TASK PROMPT ->
Write out word for word each line from the one containing "Трендовое платье-миди в" through the close of the listing, including both ends. Pictures do not belong in the copy.

RECORDED DATA ->
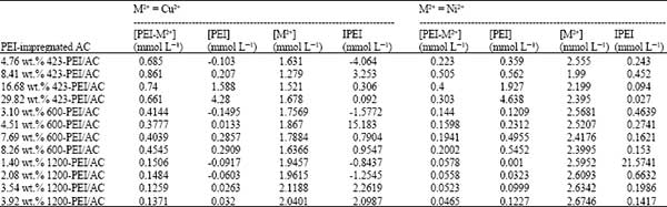 為了進一步闡明聚乙烯亞胺浸漬量對活性炭上金屬離子平衡吸附容量的影響,本文計算和比較了PEI浸漬AC上重金屬離子吸附的相互作用參數(表示為PEI)。應該指出的是,I PEI不等于絡合常數,只計算比較重金屬和PEI浸漬的活性炭表面之間的相互作用程度。
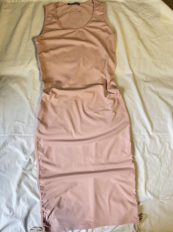 Трендовое платье-миди в пудровом цвете Идет со стяжками по бокам, длина регулируется Шикарно садится по фигуре Материал приятный к телу и качественный, не просвечивает Размер м, очень хорошо тянется Состояние Идеал Пог 43-53 Длина максимум 115
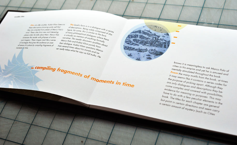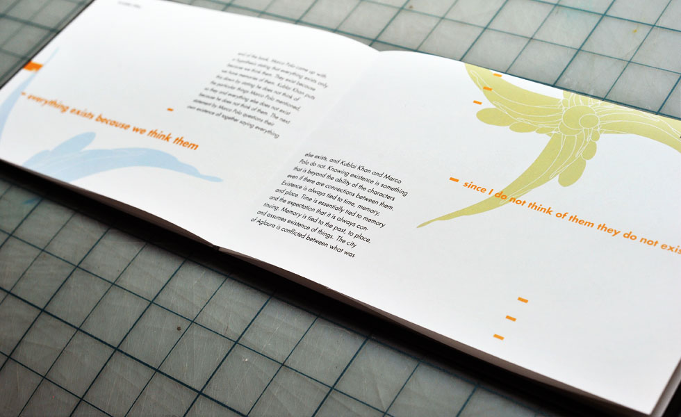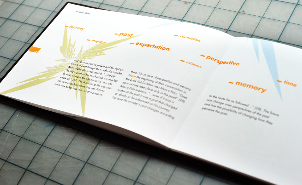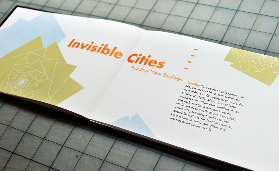 These projects were made as an undergrad at UIC, School of Art & Design (now School of Design). For this graphic design course I wrote an essay on the Italo Calvino book, “Invisible Cities” which was then turned into a book. Another project in the class was to make paper sculptures as a way to experiment with composition in a three dimensional space. I used one of the paper sculptures in a mock promotional poster design. I tried to reflect the themes described in “Invisible Cities” with an emphasis on space, visual patterns, repetition of shapes, and colors.

RESULT BELOW ->
 Трендовое платье-миди в пудровом цвете Идет со стяжками по бокам, длина регулируется Шикарно садится по фигуре Материал приятный к телу и качественный, не просвечивает Размер м, очень хорошо тянется Состояние Идеал Пог 43-53 Длина максимум 115
 These projects were made as an undergrad at UIC, School of Art & Design (now School of Design). For this graphic design course I wrote an essay on the Italo Calvino book, “Invisible Cities” which was then turned into a book. Another project in the class was to make paper sculptures as a way to experiment with composition in a three dimensional space. I used one of the paper sculptures in a mock promotional poster design. I tried to reflect the themes described in “Invisible Cities” with an emphasis on space, visual patterns, repetition of shapes, and colors.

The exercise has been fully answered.